**La Nube Tristona y la Semilla de la Gratitud**
Había una vez una nubecita gris llamada Tristona. ¡Ay, qué tristeza! Donde iba, todo se ponía gris y lloraba sin parar. Las flores bajaban sus pétalos y los niños guardaban sus juguetes. Un día, una mariquita roja, muy chiquitina, le dijo: «Nube Tristona, ¡mira qué bonitas son las gotitas que riegan las flores! ¡Y qué suave el viento que te empuja! ¡Y qué rico el sol que te calienta después!». Tristona miró a su alrededor. ¡Era cierto! Había cosas buenas. Empezó a decir «Gracias» por el sol, por las flores, por el viento. Y de pronto, ¡zas!, sus lágrimas se volvieron gotitas de rocío brillantes, y la nubecita ¡se llenó de arcoíris! Desde ese día, Tristona sabía que buscar lo bueno, aunque sea chiquitín, la hacía brillar.
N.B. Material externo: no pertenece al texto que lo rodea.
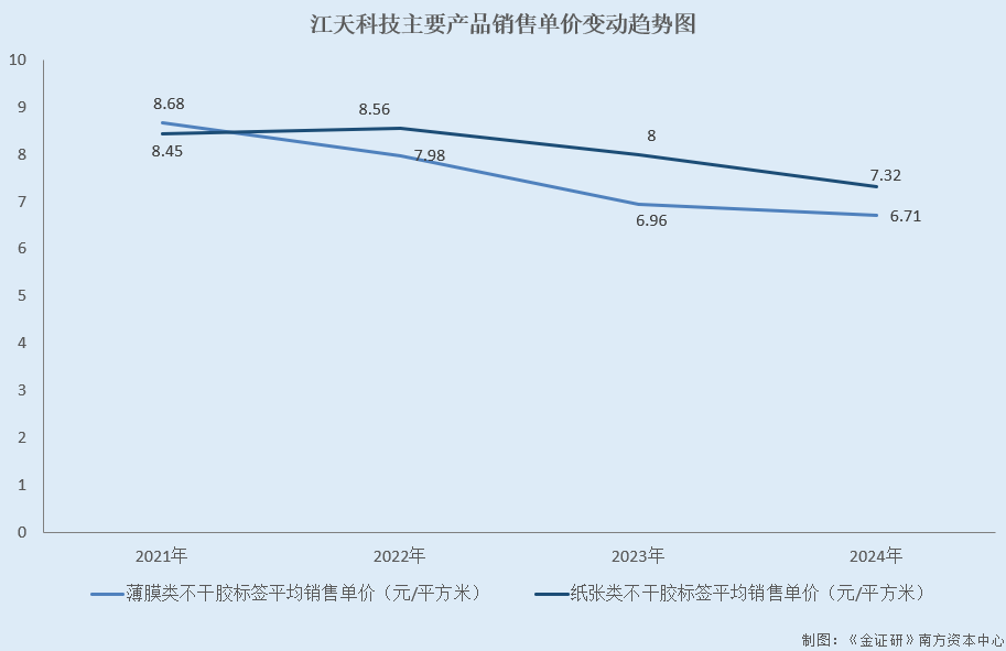 然而,2021-2024年及2025年1-6月,江天科技主要产品薄膜类不干胶标签的平均销售价格分别为8.68元/平方米、7.98元/平方米、6.96元/平方米、6.71元/平方米、5.84元/平方米。而同期,纸张类不干胶标签的平均销售单价分别为8.45元/平方米、8.56元/平方米、8元/平方米、7.32元/平方米、7.7元/平方米。
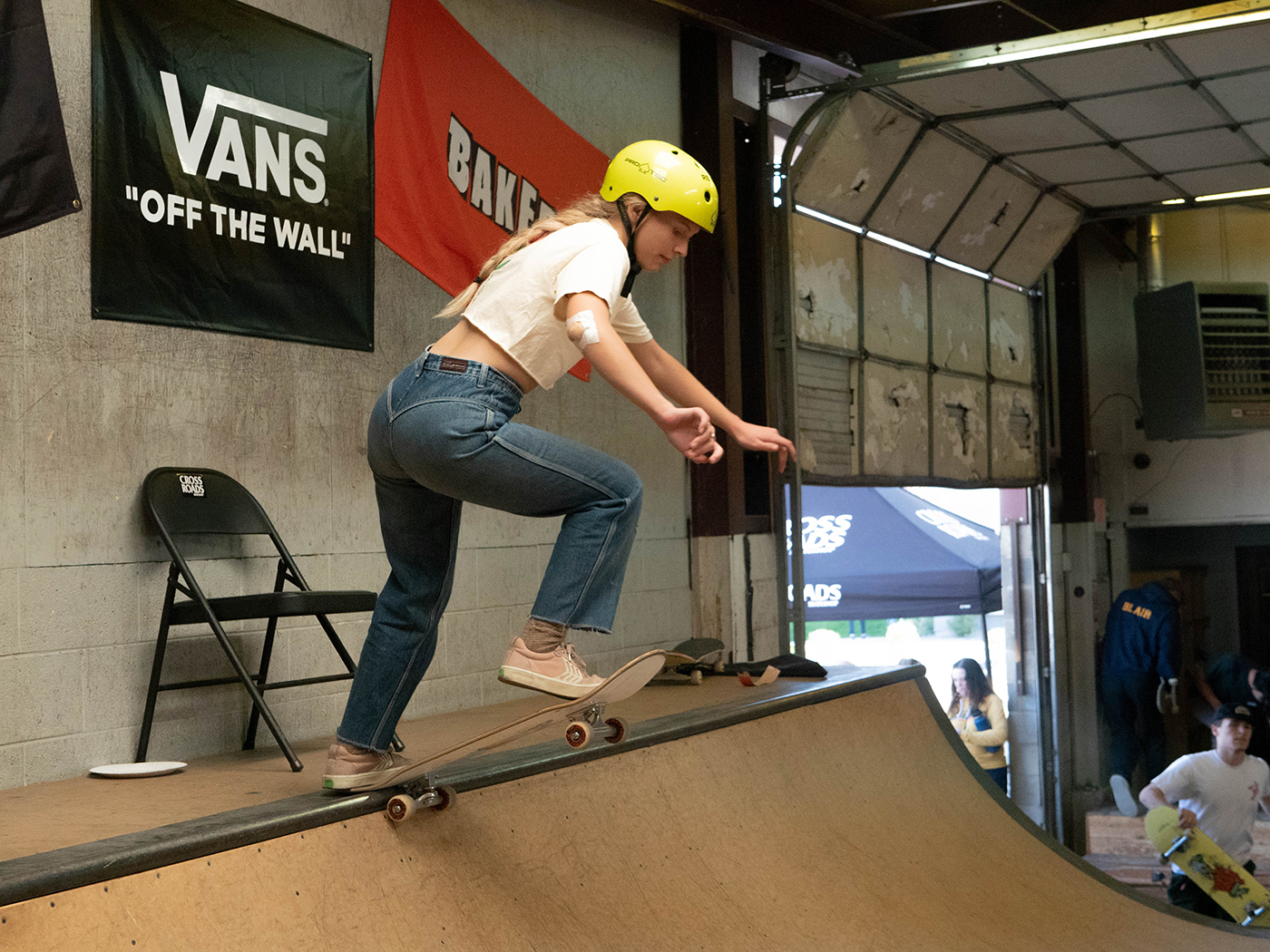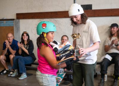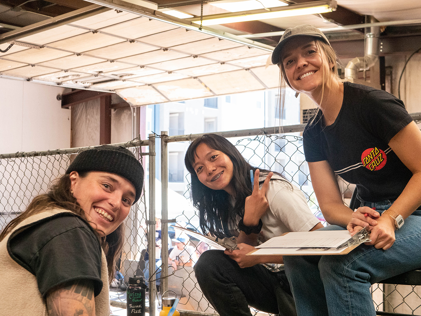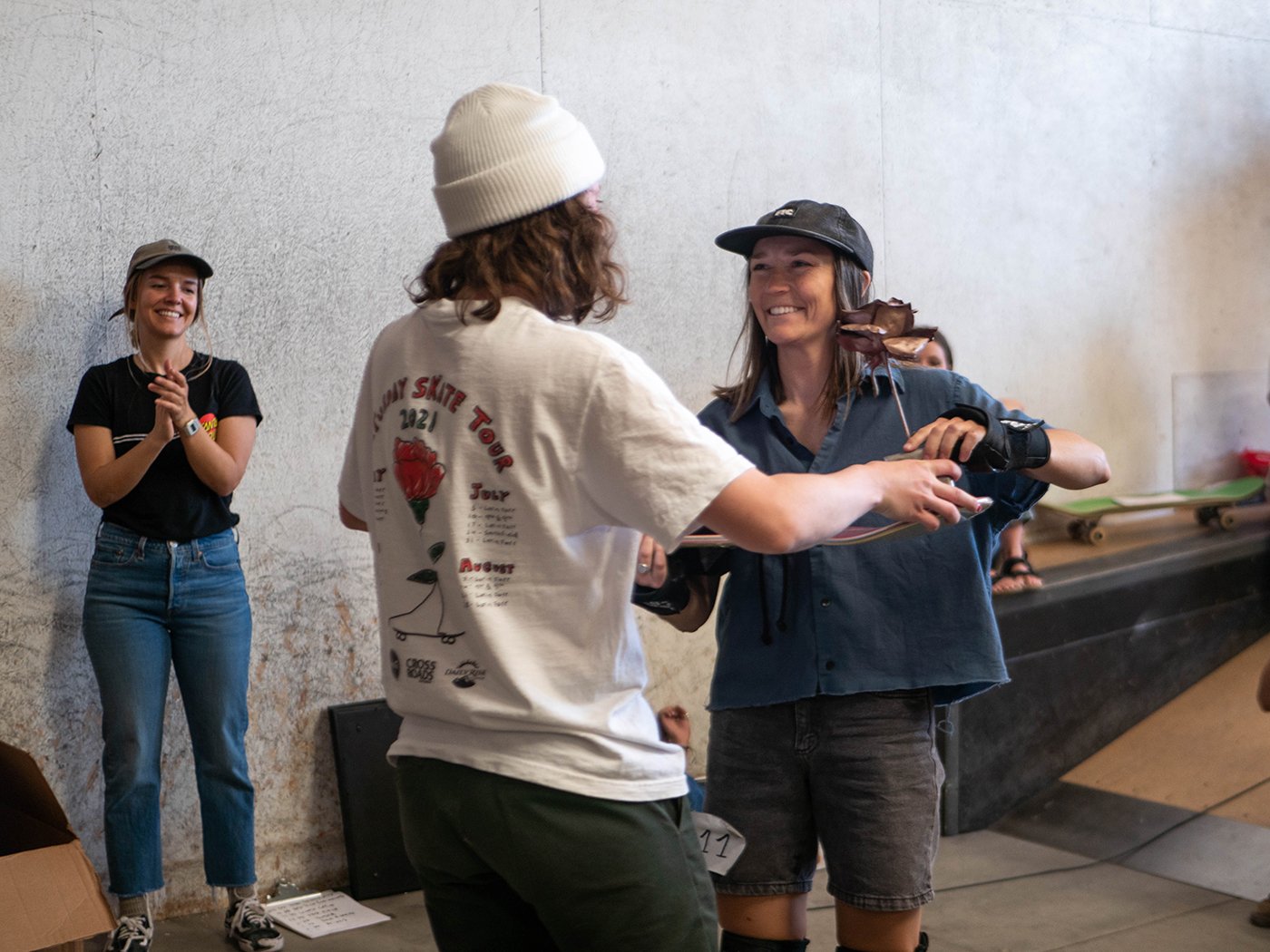 The event was split into two divisions—amateur and pro—with two heats for each division. There were no limitations on what could be skated, and the entire course was open to each girl showcasing their tricks. Once the heats started, the girls were focused and competitive, but you could hear laughter and cheering among this community-oriented group of peers. After the final heat, The Rose Club announced the winners and did not hold back with the prizes and trophies. Crafted with love, the trophies were hand-made sculptures of a rose painted in bronze, silver and gold to signify third, second and first place, respectively. Katie Morse won first place for the Pro division, Lena Garrido for the Amateur division, and Candice Jackson won Best Trick overall for a backside 5050 on the steepest, tallest quarter-pipe in sight.

**Preguntas sobre el cuento:**
1. ¿Cómo se llamaba la nubecita? 2. ¿Qué hacía la nube Tristona cuando estaba triste? 3. ¿Quién ayudó a la Nube Tristona? 4. ¿Qué crees que aprendió la Nube Tristona al final del cuento? 5. ¿Cómo crees que se sintió la nube cuando se llenó de arcoíris? 6. ¿Qué cosas bonitas puedes agradecer tú hoy en tu día?